** DATASET CONTENT follows **
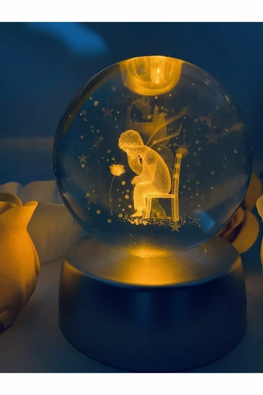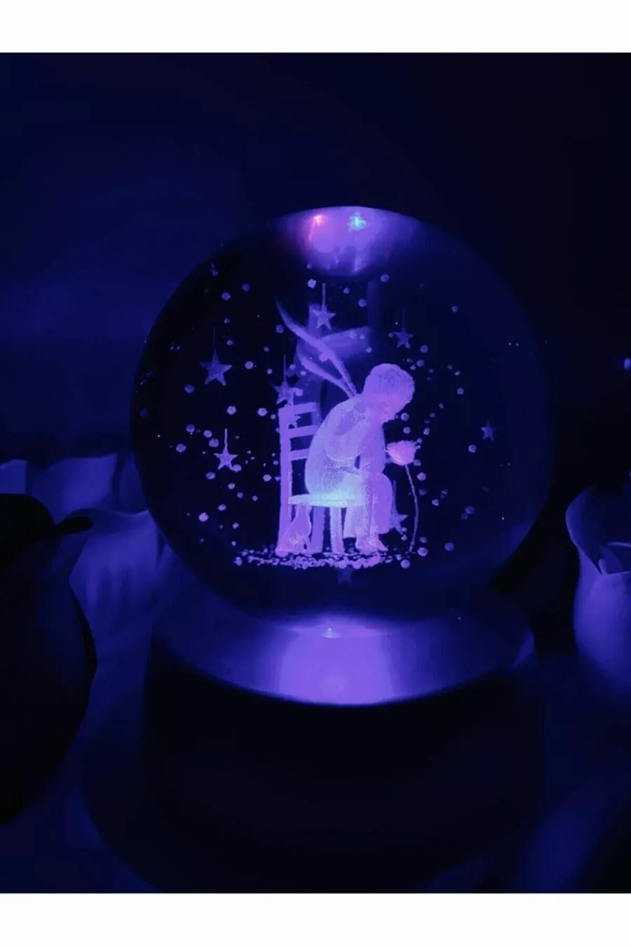 Düşünen Çocuk Küçük Prens Gül Figürlü Işıklı Cam Küre
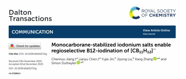 据张康老师介绍,该项研究的核心突破,在于成功构建一类新型高稳定性碘盐体系,实现了对硼团簇分子的“靶向”修饰,精准度远超传统技术路径。这一成果为新型药物分子与功能材料的开发注入全新动力,也为相关领域科研工作开辟了广阔空间。值得一提的是,这是该课题组继在《Inorganic Chemistry》《Chemical Communications》等国际知名期刊连续发表成果后的又一重要进展,凸显团队在无机化学研究领域的深厚积淀与创新活力。
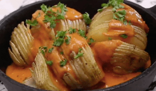 そのままでも美味しいハッセルバックポテトに、ピザ味のチーズをとろ~りかけました。
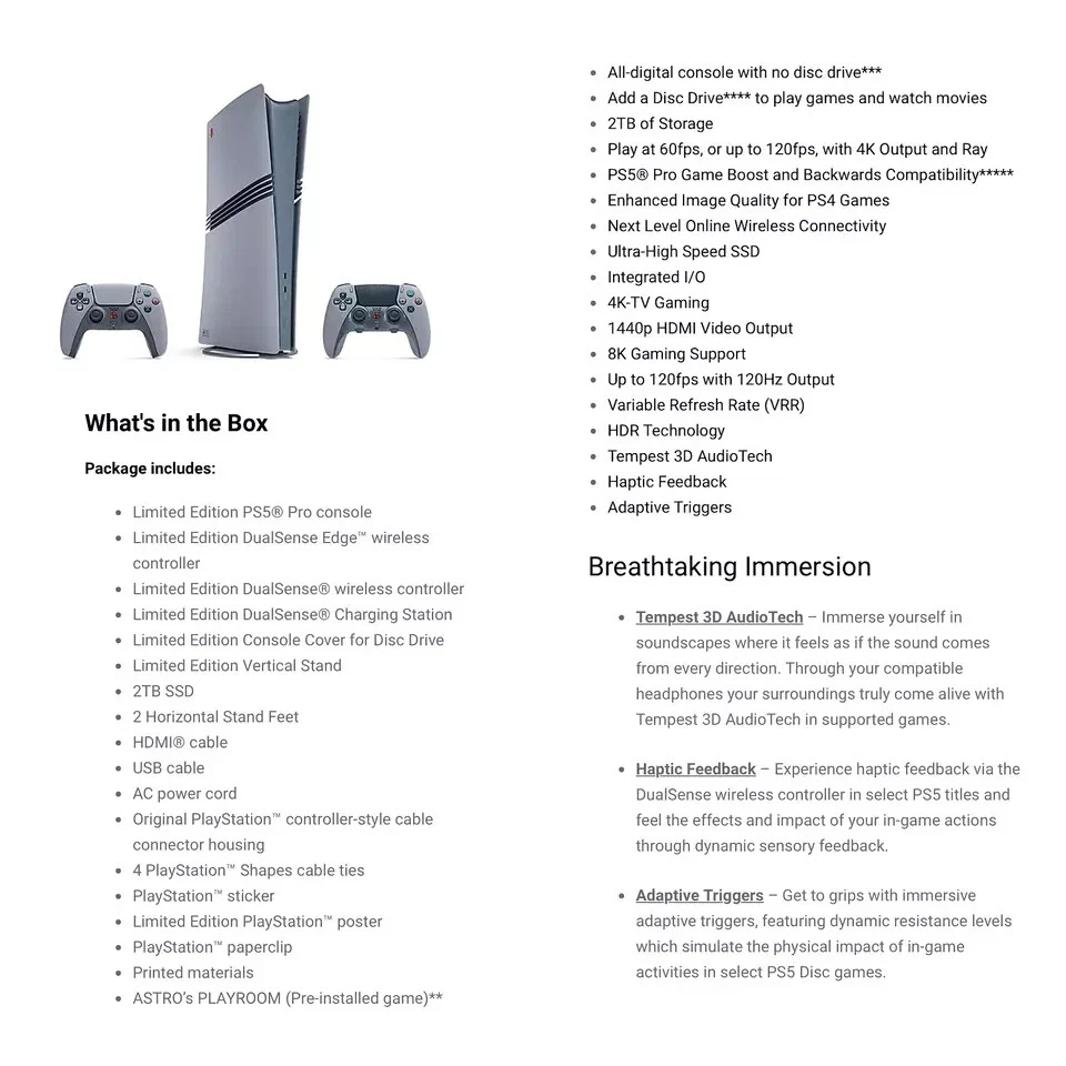 Get the sealed bundle + an added physical Disc drive to play games you already own (and buy games on sales not offered for digital) It will ship out TODAY if you order before 2pm EST . If it's after that time, we will ship it first thing tomorrow. Disc drive is in addition to the bundle! BUNDLE INCLUDES: Limited Edition PS5® Pro console Limited Edition DualSense Edge™ wireless controller Limited Edition DualSense® wireless controller Limited Edition DualSense® Charging Station Limited Edition Console Cover for Disc Drive Limited Edition Vertical Stand 2TB SSD 2 Horizontal Stand Feet HDMI® cable USB cable AC power cord Original PlayStation™ controller-style cable connector housing 4 PlayStation™ Shapes cable ties PlayStation™ sticker Limited Edition PlayStation™ poster PlayStation™ paperclip Printed materials ASTRO’s PLAYROOM (Pre-installed game)**
** End of DATASET CONTENT **
ASSIGNMENT = The whole listing must come back verbatim, with no pictures included.

TASK RESULT =
 Düşünen Çocuk Küçük Prens Gül Figürlü Işıklı Cam Küre
 据张康老师介绍,该项研究的核心突破,在于成功构建一类新型高稳定性碘盐体系,实现了对硼团簇分子的“靶向”修饰,精准度远超传统技术路径。这一成果为新型药物分子与功能材料的开发注入全新动力,也为相关领域科研工作开辟了广阔空间。值得一提的是,这是该课题组继在《Inorganic Chemistry》《Chemical Communications》等国际知名期刊连续发表成果后的又一重要进展,凸显团队在无机化学研究领域的深厚积淀与创新活力。
 そのままでも美味しいハッセルバックポテトに、ピザ味のチーズをとろ~りかけました。
 Get the sealed bundle + an added physical Disc drive to play games you already own (and buy games on sales not offered for digital) It will ship out TODAY if you order before 2pm EST . If it's after that time, we will ship it first thing tomorrow. Disc drive is in addition to the bundle! BUNDLE INCLUDES: Limited Edition PS5® Pro console Limited Edition DualSense Edge™ wireless controller Limited Edition DualSense® wireless controller Limited Edition DualSense® Charging Station Limited Edition Console Cover for Disc Drive Limited Edition Vertical Stand 2TB SSD 2 Horizontal Stand Feet HDMI® cable USB cable AC power cord Original PlayStation™ controller-style cable connector housing 4 PlayStation™ Shapes cable ties PlayStation™ sticker Limited Edition PlayStation™ poster PlayStation™ paperclip Printed materials ASTRO’s PLAYROOM (Pre-installed game)**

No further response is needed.